Paul: As an editor, Victor Hugo shaped f-s as a literary movement, often making suggestions that made massive improvements to now-classic works. For instance, he persuaded Marcel Proust to alter the title of A la Recherche du Temps Perdue to Mind-Quest of the Tempunauts, and to issue his mammoth work in ten separate volumes, inventing the decalogy form which dominates the field to this day . . .
Kim: … and his was the guiding hand behind Jules Verne’s famous Three Laws of Automata: a homunculus, automaton or other artificial being shall not serve a human red wine with fish, must always alert a human to shortfallings in the quality of his cuisine with a mechanical cry of ‘sacré bleu’, and shall not (through inaction) allow a human to be seen in public with mismatching gaiters and cravatte.

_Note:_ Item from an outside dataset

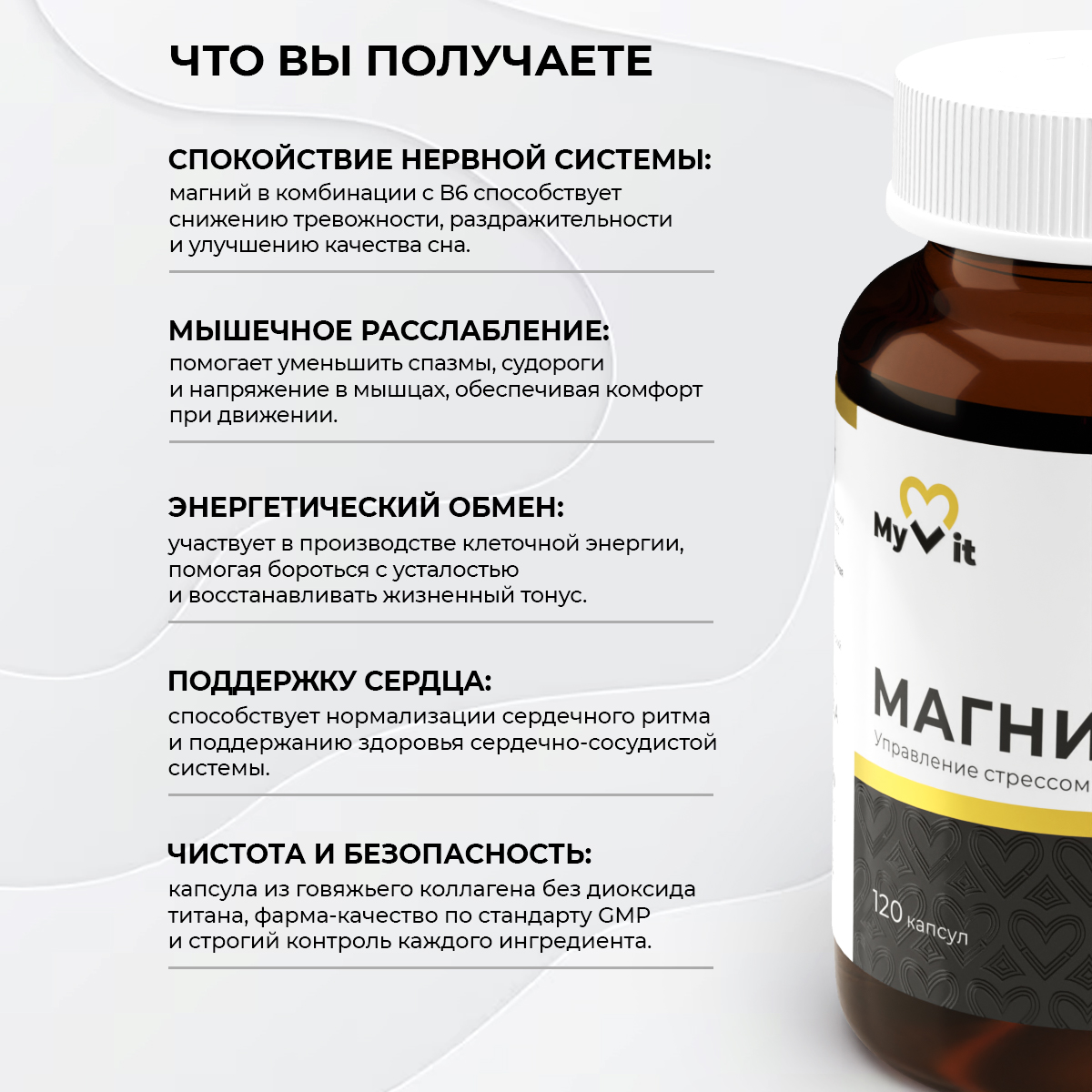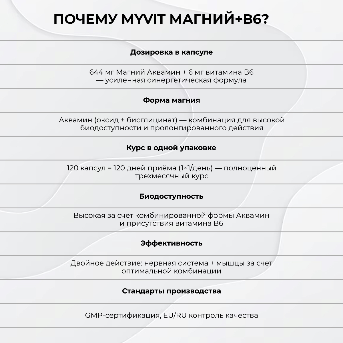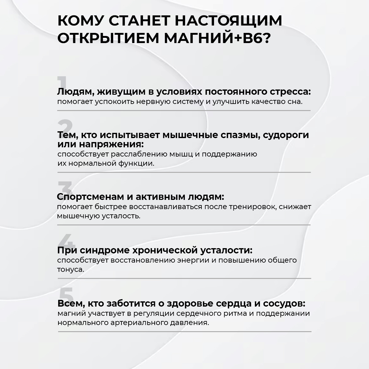 Вывод: Комплекс Магний + В6 является синергичным сочетанием для комплексной поддержки нервной системы, мышечной функции и метаболизма. От регулирования нервных импульсов и борьбы со стрессом до профилактики мигреней и поддержки сердечно-сосудистой системы — этот комплекс особенно важен в периоды повышенных физических и умственных нагрузок, стрессов, а также в подростковом и пожилом возрасте для поддержания оптимального здоровья и качества жизни.

Paul: Less happily, Hugo entered into an ill-advised association with the Scots hack Arthur C. Doyle, who tired of cranking out scientific detective yarns which regularly scored as ‘least favourite story’ in Étonnaments readers’ polls, and decided to make money by founding his own religion, the Kirk of Spiritology, based on communing via an electrical device with fairies and spirits of the aether. Two years later, Doyle went to the guillotine after more than twenty of the kirk’s disciples were fatally electrocuted while using his device.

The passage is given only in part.